Companies spent a year forcing employees to use AI, now they have to stop them from using it too aggressively. From Accenture banning employees from using AI to convert PDFs, to Uber burning through its entire annual AI budget by April, to Amazon and Meta simultaneously tightening quotas, the era of "tokenmaxxing" is dead. Executives are still waiting for an answer on whether the AI business model is truly worth the price.
(Previous context: The end of tokens has arrived: GitHub Copilot token price hikes spark negative reviews, as the AI industry shifts entirely to usage-based pricing)
(Background supplement: GitHub Copilot's fee change reveals the "biggest lie" in the AI industry)

Table of Contents

Toggle

  • From Leaderboards to Bans
  • Why Are Bills Skyrocketing?
  • The AI Business Model Called into Question

A year ago, companies told employees: Not using AI could cost you a promotion. Now the same companies are holding meetings to discuss how to stop employees from using AI to create PowerPoint presentations. Accenture, Uber, Amazon, Meta, Walmart, Cisco—these companies almost simultaneously announced tightening internal AI usage quotas in the first half of 2026. Their common predicament is simple: They've poured huge sums of money into AI but can't clearly explain what they've gotten in return.

From Leaderboards to Bans

The absurdity lies in the fact that many companies pushed employees into this trap themselves.

Not long ago, some companies even set up internal AI usage leaderboards to encourage heavy usage. Accenture even hinted to employees that not using AI "could cost you a promotion." This was a reasonable management logic—if you want to drive digital transformation, you need to create usage habits within the organization.

Habits were formed, but usage went astray. According to an internal Accenture meeting recording obtained by 404 Media, employees began using the company's token reserves for basic tasks, such as converting PDFs into presentation slides. These tasks create no business value, but each operation burns money.

Justice Kwak, head of agentic AI strategy at Accenture, pinpointed the core of the problem:

"We are now at a turning point where AI is starting to become a significant part of the cost structure; spending is becoming very difficult to predict, and senior management—especially at the CFO, COO, and CIO level—is still asking whether the money we are spending on AI is actually delivering value."

Uber's situation is even more extreme. The company burned through its entire annual AI budget by April 2026, forcing an emergency cap: each employee's monthly token limit for agentic coding tools (such as Claude Code, Cursor) was set at $1,500. Before the cap, individual software engineers' monthly bills ranged from $500 to $2,000. Uber President and COO Andrew Macdonald's assessment was bluntly uncomfortable: "To connect the company's heavy use of Claude Code with innovation that serves consumers, that link doesn't exist yet."

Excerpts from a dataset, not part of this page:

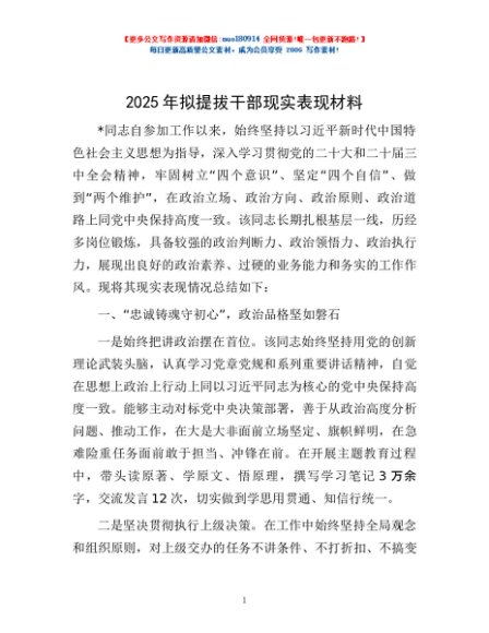 / 2025年拟提拔干部现实表现材料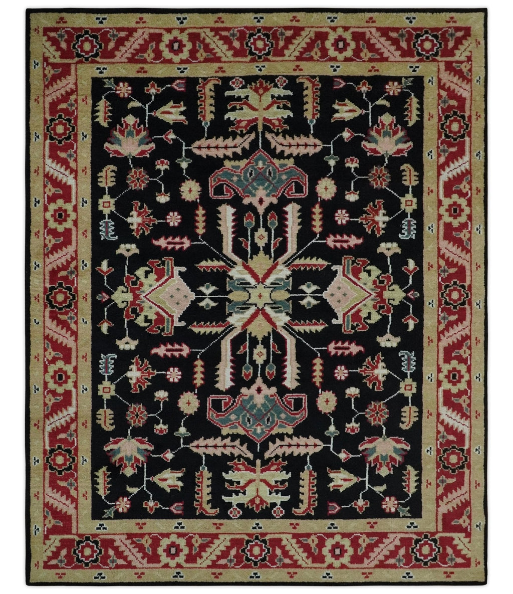 8x10 Black, Rust, and Olive Traditional Oriental Hand Knotted Wool Area Rug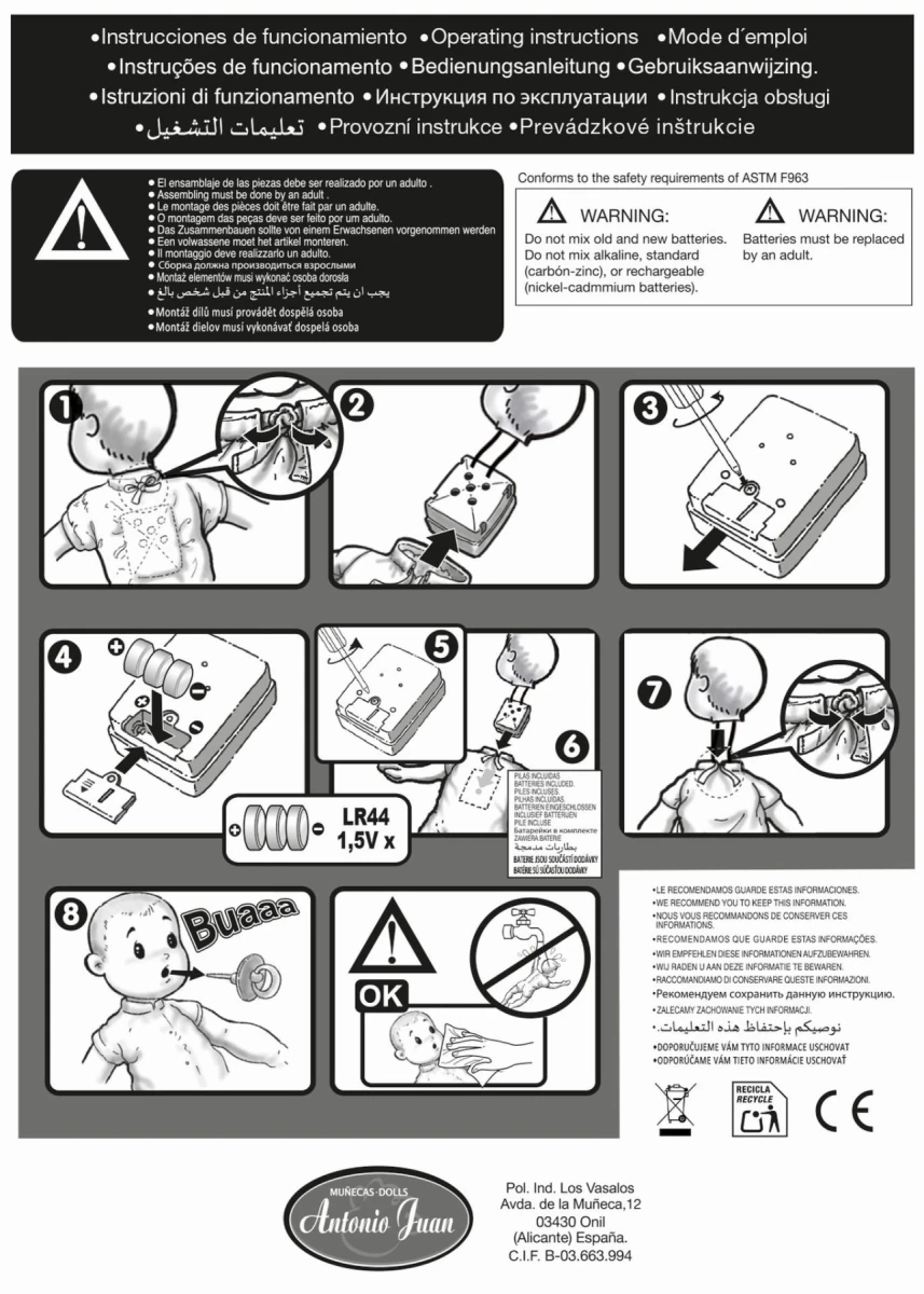 Součástí balení je 3 x knoflíková baterie LR44 s návodem na její výměnu. Baterie jsou spotřební zboží a proto jejich vybití není důvodem k reklamaci panenky.

Why Are Bills Skyrocketing?

In 2025, Anthropic and OpenAI's primary business model was fixed monthly subscription fees. Simply put, companies paid a fixed fee, and employees could use the AI tools, much like subscribing to Office 365—no extra charges for overuse. This model encouraged heavy usage.

However, by 2026, both companies had switched most of their enterprise plans to token-based usage pricing. "Token" is the basic unit for AI models to process text. In simple terms, the model charges for every word it reads and every word it writes. Regular chat interfaces have limited usage, keeping bills manageable. But agentic AI—AI agents that can automatically execute multi-step tasks, such as writing code, searching data, or sending requests—can consume tens of thousands of tokens per task, leading to a completely different billing structure.

This is the root cause of the explosive corporate bills: tools that were previously charged monthly are now billed per computation, and the usage of automated agents is hardly naturally constrained by any human behavior.

"Token rationing" is a term circulating within companies. Simply put, AI usage quotas are being controlled, much like how companies manage travel expenses or software licenses.

The AI Business Model Called into Question

This is not just a cost-saving decision for a few companies; it is the first real stress test for the business model of the entire AI industry.

The New York Times has dubbed this trend "token-minimizing" and pointed out that companies are systematically re-evaluating the return on investment (ROI) of AI spending. Fortune's framing is even more direct: tokenmaxxing is dead; companies haven't gotten the returns they initially expected.

From a technical perspective, AI model capabilities are indeed continuously improving. But between "model capability improvement" and "actual corporate benefit," there remains a gap that has yet to be closed. Uber's Macdonald spoke for many CXOs when he said: Employees use Claude Code to produce a large amount of code, but whether that code actually improves the end-user experience—no one can clearly connect the dots.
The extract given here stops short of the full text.